Backbone strategy: extend the existing contig in length with new, formerly not present data at the extremities of the contig
In-depth coverage strategy: improve the quality of the existing consensus by adding reads that increase coverage and thus increase base probabilities in the consensus

Both approaches have their specific advantages and disadvantages which will be discussed briefly.

Extending the contig length first implies the quality of the reads to be reliably high anytime and anywhere. This cannot be guaranteed for sequences extracted by electrophoresis and subsequent base calling as base probability values do not exist for every base calling method. The backbone strategy can also be easily affected by repetitive short and long subsequences in the target DNA if additional assembly support information is not available. On the other hand, once the backbone of the assembly has been constructed, adding more reads to reduce base calling errors step by step is trivial.

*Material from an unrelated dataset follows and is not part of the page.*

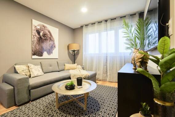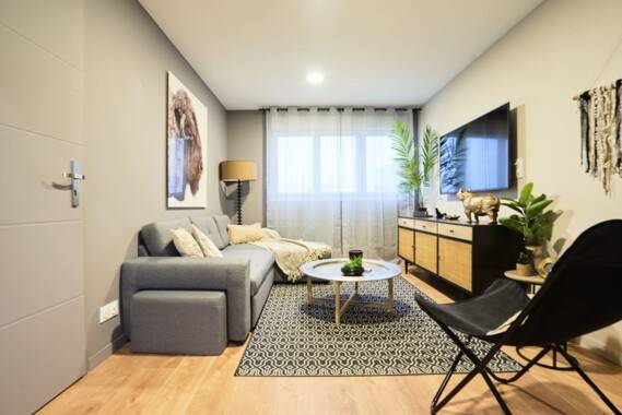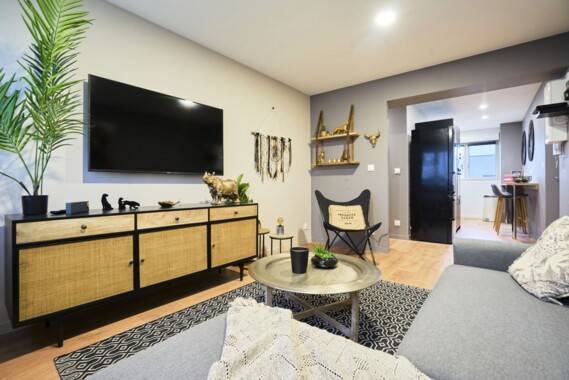 - Une pièce à vivre avec une décoration cosy avec TV écran plat.

Increasing the coverage of a contig first - by adding reads containing mostly sequences already known - ensures that the base qualities of the consensus raise rapidly: more reads that cover a consensus position make consensus errors introduced by bad signal quality and subsequent base calling errors increasingly improbable. Reads added afterwards have thus an increasing probability to align against a right consensus sequence. The disadvantage of this method appears when parts of a contig are only covered by low to medium quality reads. The increased coverage results in a growing number of discrepancies between read bases, leading to incorrect an consensus and sometimes stopping the assembler from adding reads to a contig where there is theoretically a possibility to continue.

Path traversal strategies

**Figure 30:** Example for an assembly graph (to be studied together with figure 31 on page that causes problems when using a simple greedy algorithms, assuming that read B is a chimeric sequence.
$\includegraphics[width=\textwidth]{figures/greedypathgraph}$

The assembly graphs build in the previous step have the unpleasant characteristic to be quite large even for small assemblies. In case of multiple - almost identical - repeats, the number of edges present in the graph explodes. Figure 30 shows a part of a much bigger graph used as example in this section.

Simple greedy algorithm

A simple greedy algorithm was first tried to find overlap candidates in the assembly graph, but on occasions - especially in highly repetitive parts of a genome or with chimeric reads²⁵ in low coverage sequencing - this algorithm fails. Figures 30 and 31 demonstrates how the simple greedy algorithm in conjunction with a chimeric read can provoke the termination of contig building while there exist possibilities to extend it further. This also corresponds to the results that have been reported previously by Myers (1994).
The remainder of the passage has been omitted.